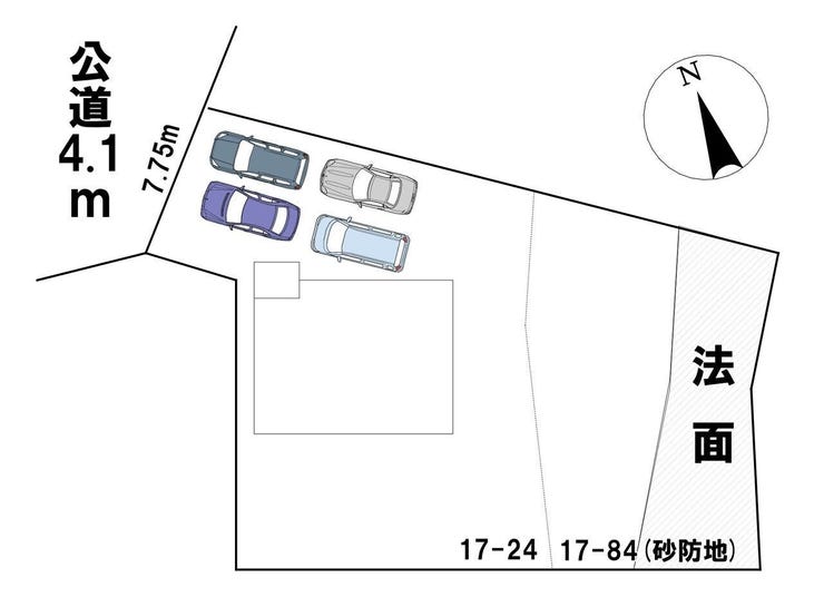 接道 | 北西側(公道)幅 約4.1m 間口 約7.75m |
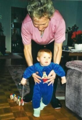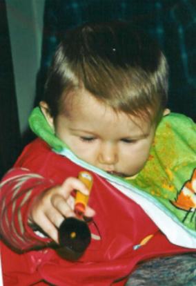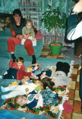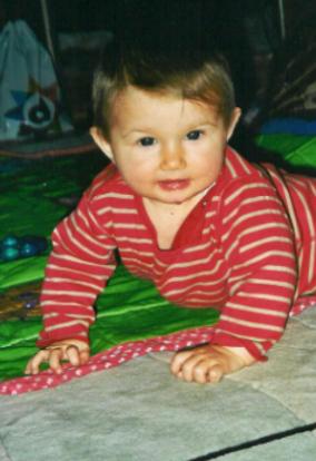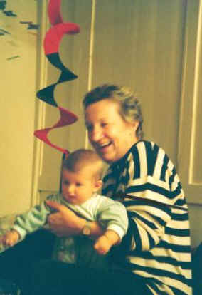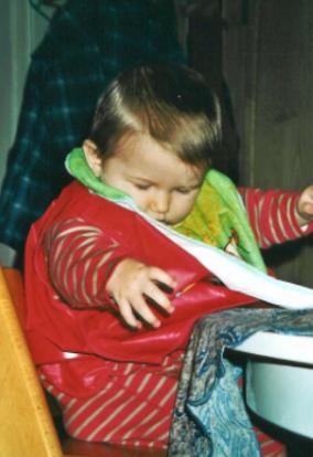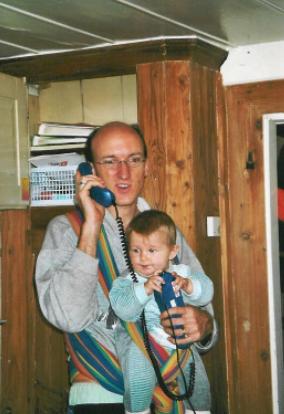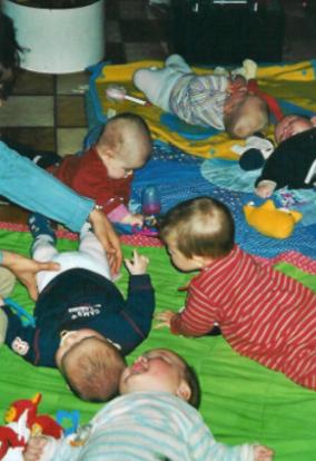 hier! Auf dem Arm, im Tuch, mit dem wertvollen Spielzeug und vor
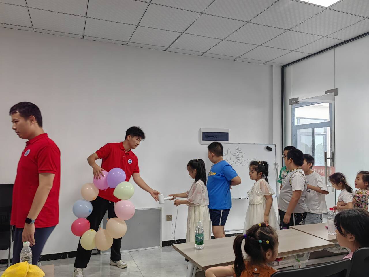 2024年7月17日下午,池州學(xué)院“微芒成陽” 支教實(shí)踐團(tuán)在田園課堂上演了一場精彩的科學(xué)實(shí)驗(yàn)秀。課程以“吹風(fēng)機(jī)與氣球圈的魔法”為主題,瞬間吸引了孩子們的注意。
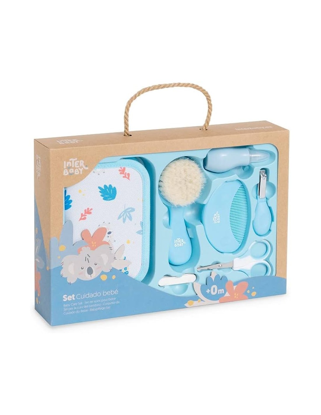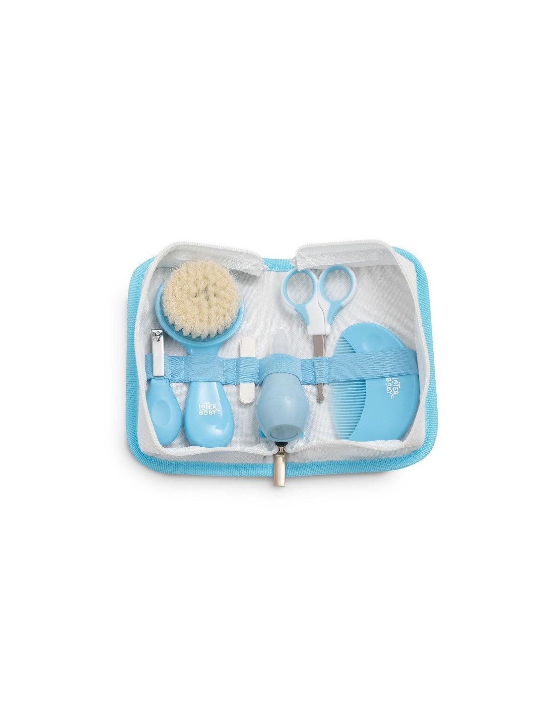 Set de cuidado del bebé compuesto por: estuche impermeable, cepillo de cerdas, limas para uñas de recién nacido, aspirador nasal desmontable, peine de puntas redondeadas, tijeras de punta redondeada y cortauñas ergonómico.
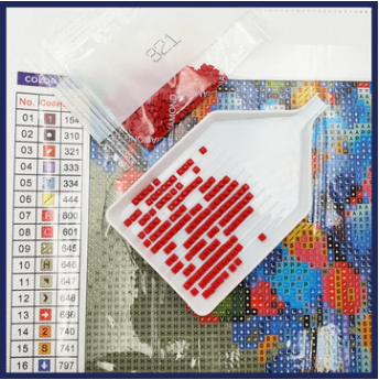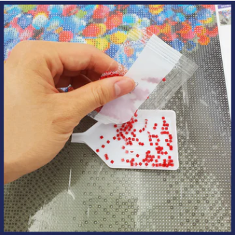 First, pick a color to start with. We recommend picking a color somewhere in the corners so that it's easier to get started. Cut open the packet and pour out the drills on the tray.
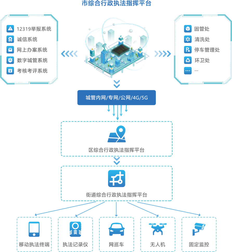 纵向到底:市、区、街道三级指挥到一线执法人员,实现层级管理、督查、业务指导级扁平化指挥调度。
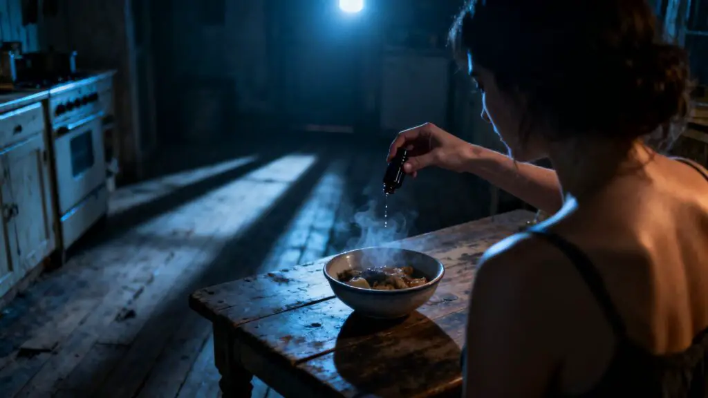 En su mano, un pequeño plato. Era la papilla que preparaba cada noche para su madre. Y en la otra, un frasco diminuto, de cristal oscuro, casi negro.
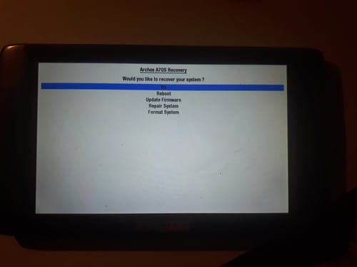 J'ai un problème avec mon Archos 70 Oit, je n'ai plus de système d'exploitation quand je l'allume cela s'affiche automatiquement cela.
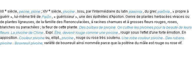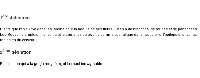 Signification éditée en 1932 pour le terme « pivoine » par l’Académie Française.
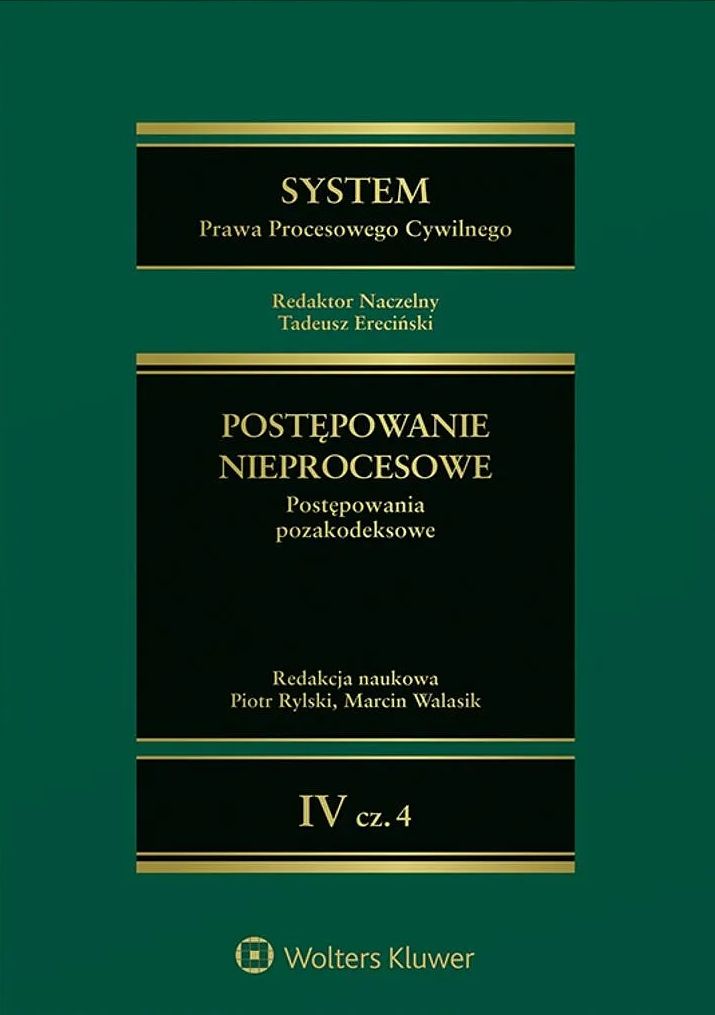 Tom IV Systemu Prawa Procesowego Cywilnego został poświęcony problematyce postępowania nieprocesowego. W 2021 r. ukazała się część 1 tego tomu pod redakcją naukową prof. Tadeusza Erecińskiego oraz prof. Kazimierza Lubińskiego prezentująca zagadnienia ogólne, które odróżniają postępowanie nieprocesowe od procesu. Zagadnienia szczegółowe obejmują postępowania ustanowione dla poszczególnych rodzajów spraw, które są rozpoznawane w trybie nieprocesowym, i są prezentowane w kolejnych częściach tomu IV. Poszczególne postępowania nieprocesowe zostały pogrupowane na podstawie kryterium przedmiotu sprawy. W części 4 podjęto tematykę podstawowych postępowań, które dotyczą spraw skierowanych na drogę postępowania nieprocesowego na mocy ustaw szczególnych. Omówiono postępowania: 1) w sprawach nieletnich, 2) w sprawach wyborczych, 3) w sprawach dotyczących dokumentów, 4) w sprawach z zakresu spółdzielczego prawa mieszkaniowego, 5) w sprawach z zakresu prawa o notariacie, 6) w sprawach z zakresu prawa morskiego 7) o orzeczenie zakazu prowadzenia działalności gospodarczej, 8) w innych sprawach: ze skargi na odmowę przyjęcia zawiadomienia o utworzeniu komitetu inicjatywy ustawodawczej, dotyczące wyborów do rady powiatowej izby rolniczej, postępowania z ustawy o własności lokali, o rozstrzygnięcie w ramach zarządu nieruchomością wspólną w razie braku zgody większości właścicieli lokali, o przyznanie państwowej kompensaty przysługującej ofiarom niektórych czynów zabronionych, wobec osób z zaburzeniami psychicznymi stwarzających zagrożenie życia, zdrowia lub wolności seksualnej innych osób. Tom IV część 4 Systemu Prawa Procesowego Cywilnego pod tytułem "Postępowanie nieprocesowe. Postępowania pozakodeksowe" pod redakcją naukową Piotra Rylskiego i Marcina Walasika jest opracowaniem zbiorowym przygotowanym przez autorów reprezentujących różne ośrodki naukowe i instytucje w Polsce. Przejrzysty układ, najwyższy poziom merytoryczny i edytorski dzieła z pewnością sprawią, że publikacja będzie stanowić nieocenioną pomoc przede wszystkim dla prawników praktyków: sędziów, referendarzy sądowych, adwokatów, radców prawnych, notariuszy, komorników sądowych. Brak recenzjix
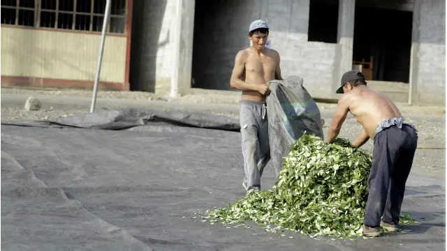 Pie de foto, Las hojas de coca se ponen a secar al sol.
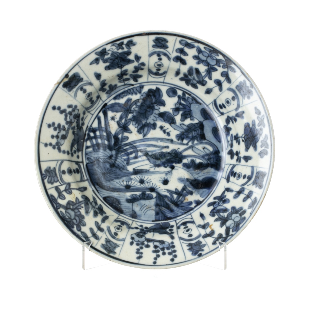 China, Swatow, Dinastia Ming, Wanli 1563-1620), decoração a azul, de reservas florais e faisão entre motivos vegetalistas. Sinais de uso, cabelo. Dim.:28cm.
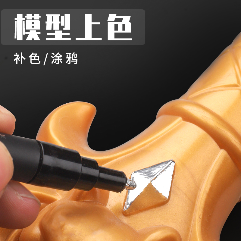 斯塔sta电镀笔手办修复镀铬笔银色油漆笔镜面金属笔电镀银修补马克笔金属亮银白色银粉补漆笔
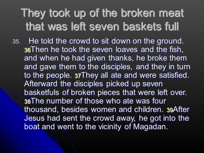 Matthew 15:21-39, the faith of the Canaanite woman, Jesus feeds the four thousand.
#####
## EXERCISE DIRECTIONS
Among the entries above, locate the line with "J'ai un problème" and the line with "Signification éditée en". Give those two lines and all lines between them again, exactly, leaving out the pictures.

## RESULT OF THIS EXERCISE
 J'ai un problème avec mon Archos 70 Oit, je n'ai plus de système d'exploitation quand je l'allume cela s'affiche automatiquement cela.
 Signification éditée en 1932 pour le terme « pivoine » par l’Académie Française.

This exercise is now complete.